Tidak hanya itu, ia juga mengajak lembaga pendidikan, tokoh agama, serta masyarakat sipil untuk aktif membangun kesadaran kolektif melalui edukasi seksual yang berbasis nilai dan literasi digital yang etis. Menurutnya, tanggung jawab ini tidak bisa hanya dibebankan pada negara atau platform digital semata, tetapi menjadi tugas bersama untuk menjaga arah moral di era digital.

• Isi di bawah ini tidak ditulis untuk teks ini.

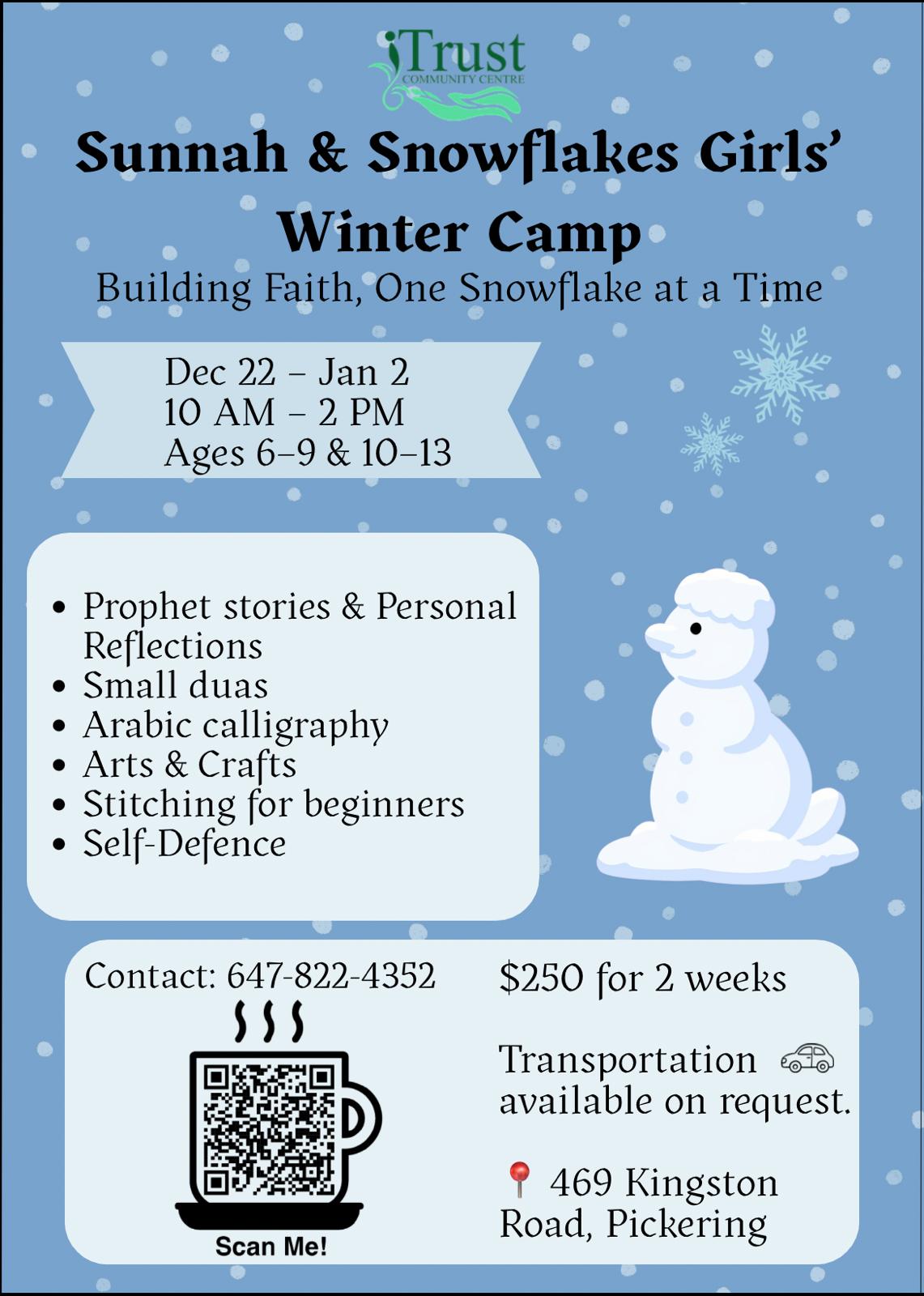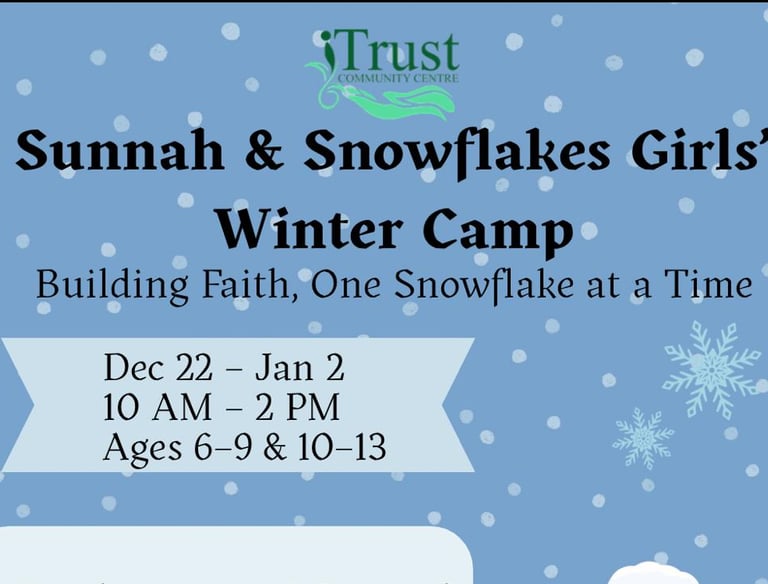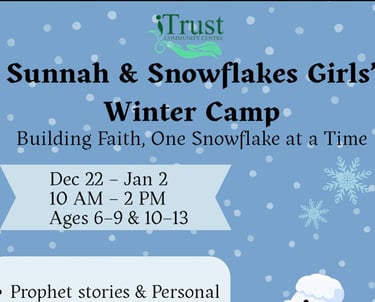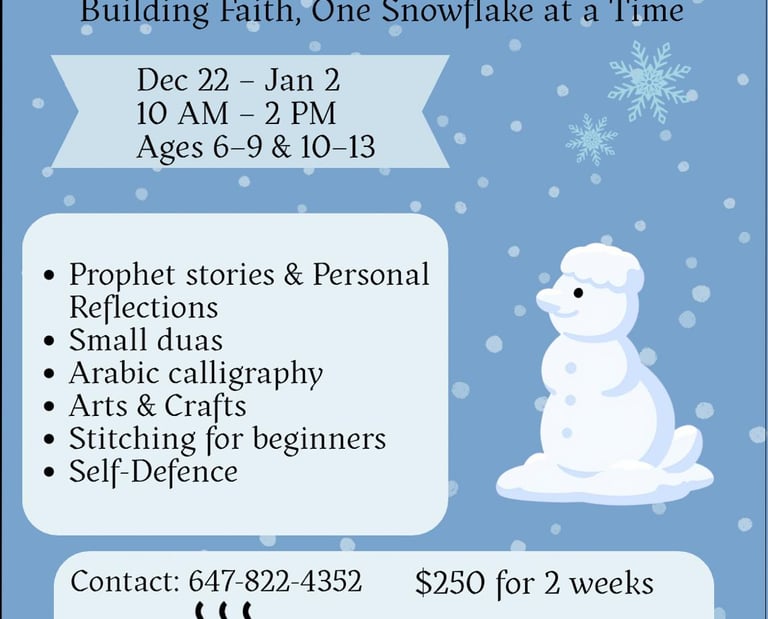 Sunnah and Snowflakes Winter Camp for Girls offers a faith-filled winter break! Girls will explore prophetic stories, reflect on personal lessons, learn du'as, and enjoy arts, crafts, and fun activities in a warm, engaging environment.

Ginanjar menegaskan bahwa fenomena ini bukan sekadar soal satu grup Facebook, melainkan sinyal keras bahwa ruang digital kita sedang mengalami krisis nilai. Jika dibiarkan tanpa intervensi, penyimpangan bukan hanya akan dinormalisasi, tetapi juga diwariskan lintas generasi. Hal ini menjadi tantangan besar bagi bangsa dalam menjaga moralitas publik di tengah perkembangan teknologi.
“Tugas kita bukan sekadar melawan grupnya, tapi membentengi masyarakat dari ideologi menyimpang yang menggerogoti dari dalam,” pungkasnya. Pernyataan ini menjadi penutup sekaligus peringatan bahwa perjuangan menjaga etika digital tidak boleh berhenti hanya pada satu kasus, tetapi harus menjadi gerakan berkelanjutan demi masa depan yang sehat dan beradab.